Examples of vendors that provide Hadoop-based solutions (Source: WikiCommons)



In order to choose a cloud service provider, you’d have to first establish the data that you’d need for analytics, and the databases and analytics infrastructure most suitable for those data types. 

Since there’d be both structured and unstructured data in your analytics pipeline, you might want to set up both a Data Warehouse and a Data Lake. 

An important thing to consider for data scientists is whether the storage layer supports the big data tools that are needed to build the models, and if the database provides effective in-database analytics. 

For example, some ML libraries such as Spark’s MLlib cannot be used effectively with databases as the main interface for data — the data would have to be unloaded from the database before it can be operated on, which could be extremely time-consuming as data volume grows and might become a bottleneck when you’ve to retrain your models regularly (thus causing another “heads-rolling” situation).

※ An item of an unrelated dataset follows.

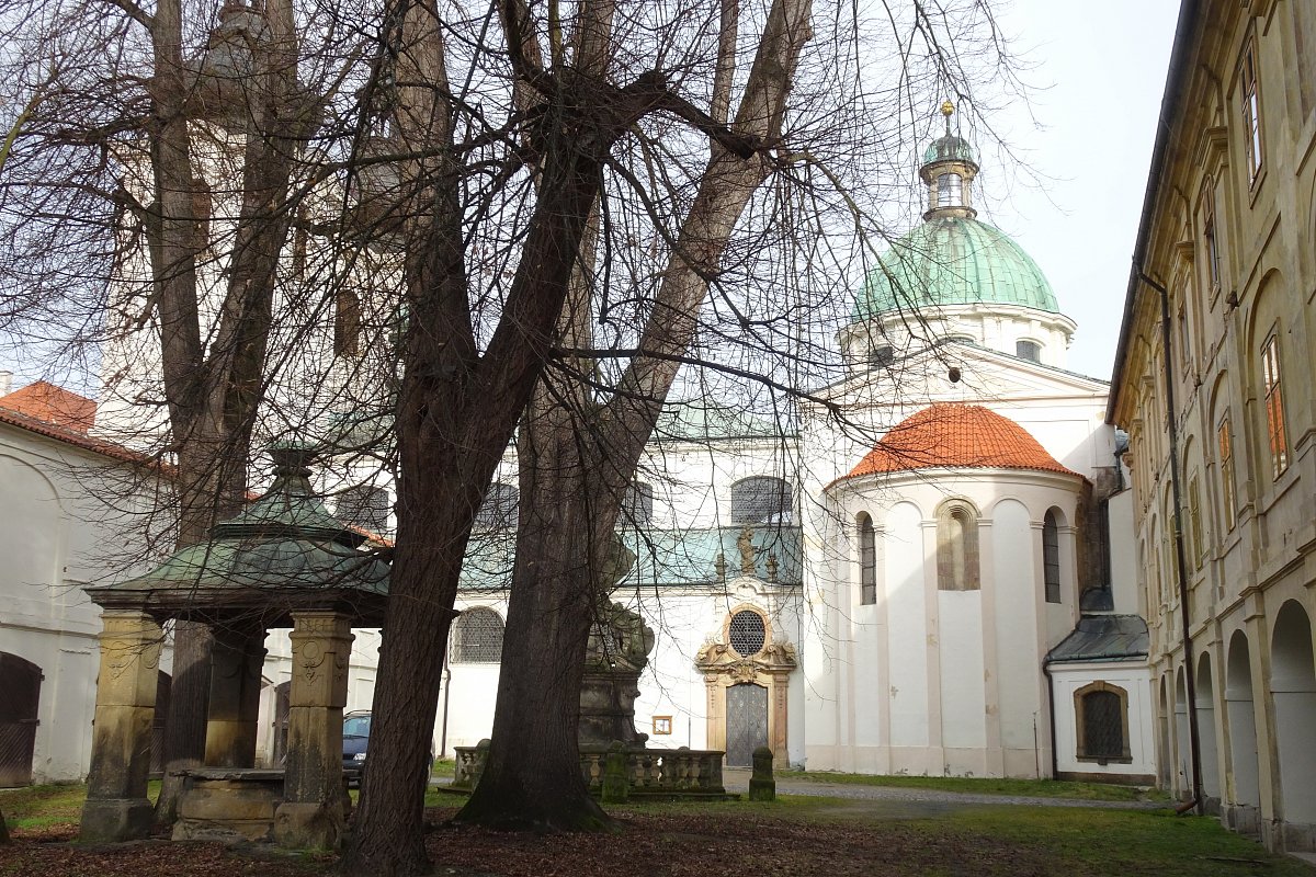 Výlet z Hrdel do Doksan. V Hrdlech je zámek dle projektu K.I.Dientzenhofera, v Dolánkách kostel a v Doksanech klášter sester premonstrátek.

For data science in the cloud, most cloud providers are working hard to develop their native machine learning capabilities that allow data scientists to build and deploy machine learning models easily with data stored in their own platform (Amazon has SageMaker, Google has BigQuery ML, Microsoft has Azure Machine Learning).

But the toolsets are still developing and often incomplete: for example, BigQuery ML currently only support linear regression, binary and multiclass logistic regression, K-means clustering, and TensorFlow model importing. 

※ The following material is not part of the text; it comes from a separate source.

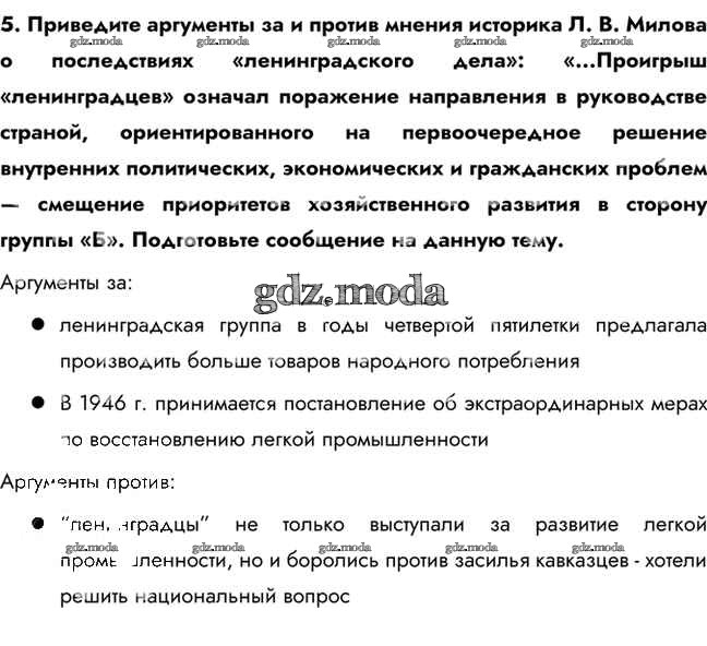 ОТВЕТ на задание № 5 Учебник по Истории 10 класс Горинов

If you decide to use these tools, you’d have to test their capabilities thoroughly to make sure they do what you need them to do.

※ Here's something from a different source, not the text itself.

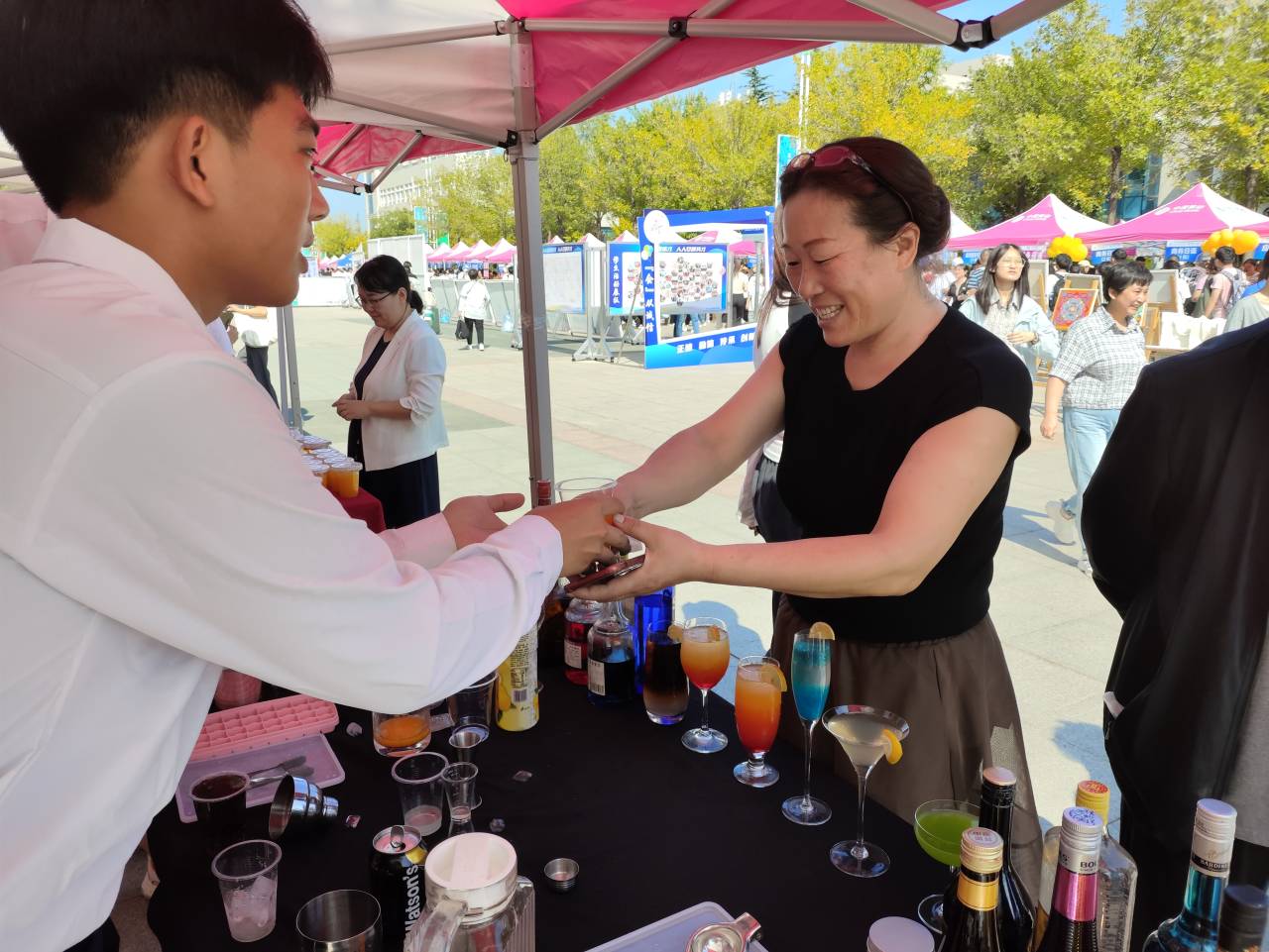 特色展示,营造氛围。文化旅游学院在迎新现场布置“七彩学院·七彩人生”主题美陈,充分展示专业特色,开展特色调酒、茶艺表演,陈列学前教育手工展,突出了对文旅新生“青春作叶 梦想成花”的期许。报到现场,新生和家长们纷纷与迎新画框合照,大家笑容明朗,充满了对大学生活的憧憬,对新的追梦旅程的期待与向往。TS调酒与茶礼社的精彩表现引得大家纷纷驻足围观,学前教育的手工体验,让家长和孩子共度了一段美好时光。

Another major thing to consider when choosing a cloud provider is vendor-lock in. If you choose a proprietary cloud database solution, you most likely won’t be able to access the software or the data in your local environment, and switching vendor would require migrating to a different database, which could be costly.

One way to address this problem is to choose vendors that support open source technologies (here’s Netflix explaining why they use open source software). Another advantage of using open source technologies is that they tend to attract a larger community of users, meaning it’d be easier for you to hire someone who has the experience and skills to work within your infrastructure.

Another way to address the problem is to choose third-party vendors (such as Pivotal Greenplum and Snowflake) that provide cloud database solutions using other major cloud providers as storage backend, which also allows you to store your data in multiple clouds if that fits your startup’s needs.

Finally, since you expect the company to grow, you’d have to put in place a robust cloud management practice to secure your cloud and prevent data loss and leakages — such as managing data access and securing interfaces and APIs.

You’d also want to implement data governance best practices to maintain data quality and ensure your Data Lake won’t turn into a Data Swamp.

As you can see, there’s so much more in an enterprise data science project than tuning the hyperparameters in your machine learning models!